--- Prompt ---
Leaving out the pictures, retype the lines from the beginning of the listing through the line containing "4パチ:84台 1パチ:136台 0.5パチ:28台 |".

:: Recorded data ::

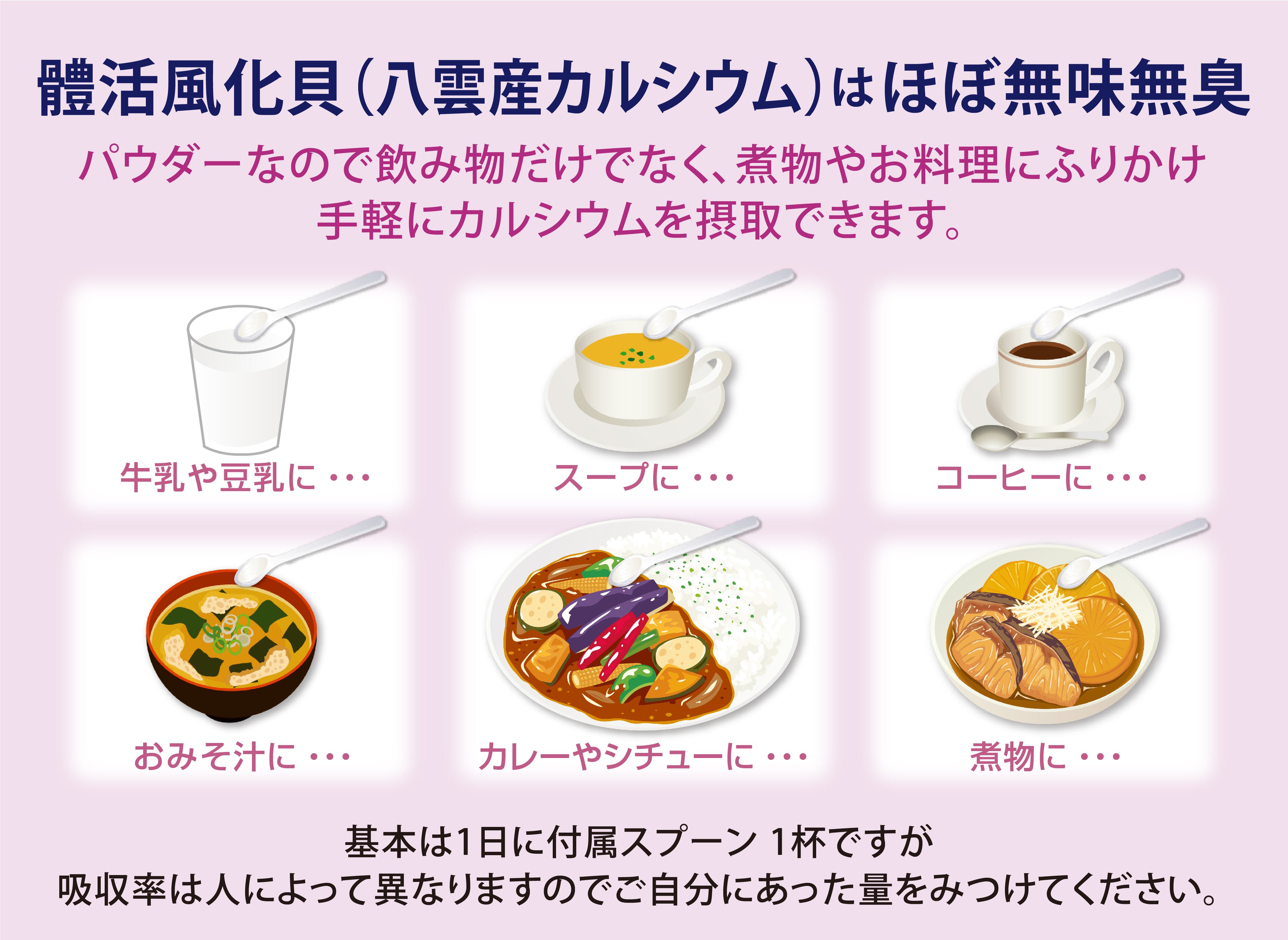 1500万~2000万年の時間をかけて自然の力で作られた貝のカルシウムは、身体が求める栄養をしっかりとサポートし、毎日の健康維持に役立ちます。そのまま飲むことはもちろん、スムージーや料理に加えることで、手軽にカルシウムを摂取することができます。
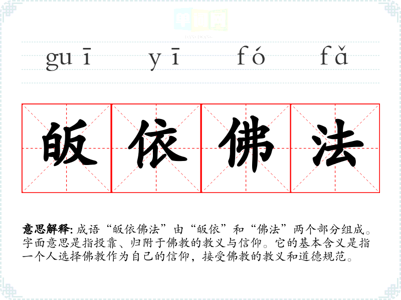 - 同义成语:信仰**、归附佛门
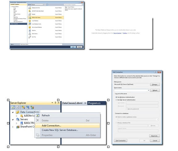 - Right click on the project and add new item and select LINQ to SQL Class from Data tab.
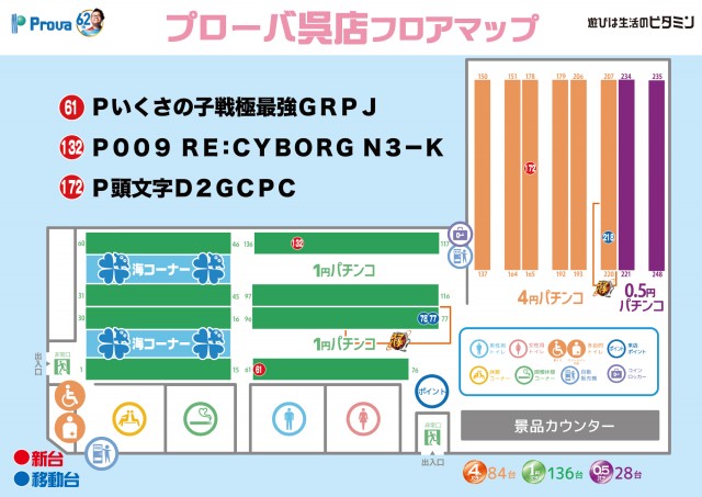 4パチ:84台 1パチ:136台 0.5パチ:28台 |
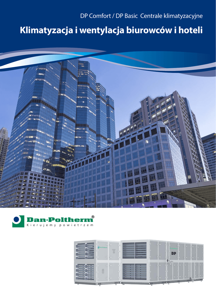 DP Comfort / DP Basic Centrale klimatyzacyjne Klimatyzacja i wentylacja biurowców i hoteli Opis ogólny Klimatyzacja budynków biurowych, hotelowych i edukacyjnych Wymienniki obrotowe central DP R oferują wysoki stopień odzysku ciepła zimą i chłodu latem, a dzięki higroskopijnej powierzchni w maksymalnym stopniu również odzyskują wilgoć tak pożądaną zimą dla zachowania pełnego komfortu przebywającym w pomieszczeniach ludziom. Wyższe wymagania odnośnie poziomu wilgoci w pomieszczeniach można zapewnić stosując jeden z wielu parowych systemów nawilżania brytyjskiej firmy VAPAC lub zabudowany wewnątrz urządzenia nawilżacz adiabatyczny firmy Dan-Poltherm. Głównym zadaniem central klimatyzacyjnych obiektów biurowych, hotelowych oraz edukacyjnych jest zapewnienie odpowiedniej ilości świeżego powietrza przebywającym w budynku osobom. Czasem zdarza się, iż centrale klimatyzacyjne / wentylacyjne stanowią główne źródło chłodu lub ciepła dla obsługiwanych pomieszczeń, ale zazwyczaj ich podstawową a zarazem główną rolą jest 100-procentowa wymiana powietrza w obsługiwanej przestrzeni, co wynika z warunków higienicznych. Hotel „SHERATON SOPOT HOTEL, CONFERENCE CENTER & SPA” Centrale klimatyzacyjne współpracujące z wewnętrznymi systemami klimatyzacyjnymi i grzewczymi budynku muszą zapewniać wysoki poziom odzysku ciepła / chłodu, a dostarczane do pomieszczeń powietrze powinno mieć temperaturę przynajmniej równą temperaturze wyciągowej (zadanej w pomieszczeniu). Zapewnienie odpowiedniej temperatury nawiewu wymusza konieczność zastosowania w centrali, oprócz odzysku ciepła, dodatkowej funkcji chłodzenia, grzania oraz nawilżania powietrza. Do klimatyzacji i wentylacji obiektów typu biurowego i hotelowego firma Dan-Poltherm proponuje centrale klimatyzacyjne typu DP R Comfort wyposażone w rewersyjne pompy ciepła lub centrale typu DP R Basic współpracujące z zewnętrznym źródłem chłodu i ciepła, z możliwością zastosowania zintegrowanego w urządzeniu chłodzenia. Rozwiązania DP R Comfort i DP R Basic można stosować w systemach, gdzie wymagana jest 100-procentowa wymiana powietrza oraz w systemach z recyrkulacją, gdzie centrale stanowią jedyne źródło chłodu i ogrzewania dla obsługiwanej przestrzeni (brak wewnętrznych systemów, np. klimakonwektorów). Funkcje chłodzenia oraz grzania zazwyczaj realizowane są poprzez urządzenia wewnętrzne współpracujące z kotłownią i systemem wody lodowej (klimakonwektory) np. firmy VENCO i VENTILCLIMA. Dzięki takiemu układowi, każde z pomieszczeń zyskuje niezależność temperaturową od reszty budynku wraz z wentylacją realizowaną przez centrale klimatyzacyjne. Biurowiec „TRINITY PARK III” w Warszawie Istotnym elementem w systemie klimatyzacyjnym np. biurowców, jest odpowiednie zaprojektowanie systemu dystrybucji powietrza w pomieszczeniach tak, aby zapewnić komfort temperaturowy przebywających w nich ludzi. Nawiewniki oraz pozostałe elementy dystrybucji powietrza belgijskiej firmy GRADA zapewniają pełny komfort temperaturowy i akustyczny. Pełna gama produktów w ofercie firmy Dan-Poltherm daje możliwość zaprojektowania nowoczesnych pomieszczeń a jakość produktów firmy GRADA została potwierdzona w ciągu kilku ostatnich dziesięcioleci w nowoczesnych i reprezentacyjnych budynkach na całym Świecie. Użytkownicy dowolnie sterują klimatem w obsługiwanej przestrzeni (strefie) dzięki niezależnym sterownikom w pomieszczeniach lub poprzez zintegrowany system BMS budynku np. DP ViewNet firmy DanPoltherm, z możliwością zdalnej wizualizacji przy użyciu dowolnego urządzenia mobilnego czy komputera z przeglądarką internetową. Centrale klimatyzacyjne mogą dostarczać powietrze ze stałym bądź zmiennym wydatkiem powietrza. Kompleks handlowo-biurowo-rozrywkowy „ZŁOTE TARASY” w Warszawie DP Comfort – Centrale klimatyzacyjne z rewersyjną pompą ciepła DP Basic – Centrale klimatyzacyjne ze zintegrowanym chłodzeniem Centrale DP to gotowe zespoły z zabudowaną kompletną automatyką. Praca centrali w oparciu o testowane fabrycznie autorskie oprogramowanie zapewnia optymalną pod kątem energooszczędności pracę urządzenia. Urządzenia po podłączeniu kanałów oraz zasilania elektrycznego są gotowe do pracy, a dla jednostek z pompą ciepła nie wymagają kosztownych prac przyłączeniowych do zewnętrznych mediów grzewczych i chłodniczych, redukując moc kotłowni i agregatów zainstalowanych w budynku. Zwrócić należy uwagę na fakt, iż centrale z pompą ciepła nie wymagają zwiększonego przyłącza elektrycznego, które wynika wprost z warunku chłodniczego w trybie pracy latem. Dodatkową zaletą zintegrowanej automatyki (rozdzielnica elektryczna wewnątrz urządzenia) jest redukcja długości przewodów elektrycznych i tras kablowych na potrzeby zasilania oraz konieczności wydzielenia miejsca w budynku na zewnętrzne rozdzielnice. Centrale DP R Comfort oraz DP R Basic wyposażone są standardowo w wysokosprawne higroskopijne wymienniki obrotowe o płynnej regulacji obrotów, produkowane przez Klingenburg lub Heatex – producentów posiadających Certyfikat Eurovent: www.eurovent-certification.com. Hotel „WARSAW MARRIOTT HOTEL” Centrale przeznaczone do 100-procentowej wymiany powietrza w budynkach biurowych oraz hotelowych, bez możliwości recyrkulacji, zazwyczaj współpracują z wewnętrznymi systemami klimatyzacyjno-grzewczymi, a ich głównym zadaniem jest dostarczanie powietrza o odpowiednich parametrach w ilości wynikającej z przepisów sanitarnych. Centrale z funkcją recyrkulacji, oprócz dostarczania powietrza ze względów sanitarnych, mogą (dzięki zwiększonej ilości wymian) zapewnić pełną klimatyzację i ogrzewanie eliminując tym samym instalacje towarzyszące, co ma istotne znaczenie dla przestrzeni, gdzie montaż np. klimakonwektorów nie jest możliwy. DP Comfort DP Basic DP Comfort to gru

:::

--- Exercise response ---
 1500万~2000万年の時間をかけて自然の力で作られた貝のカルシウムは、身体が求める栄養をしっかりとサポートし、毎日の健康維持に役立ちます。そのまま飲むことはもちろん、スムージーや料理に加えることで、手軽にカルシウムを摂取することができます。
 - 同义成语:信仰**、归附佛门
 - Right click on the project and add new item and select LINQ to SQL Class from Data tab.
 4パチ:84台 1パチ:136台 0.5パチ:28台 |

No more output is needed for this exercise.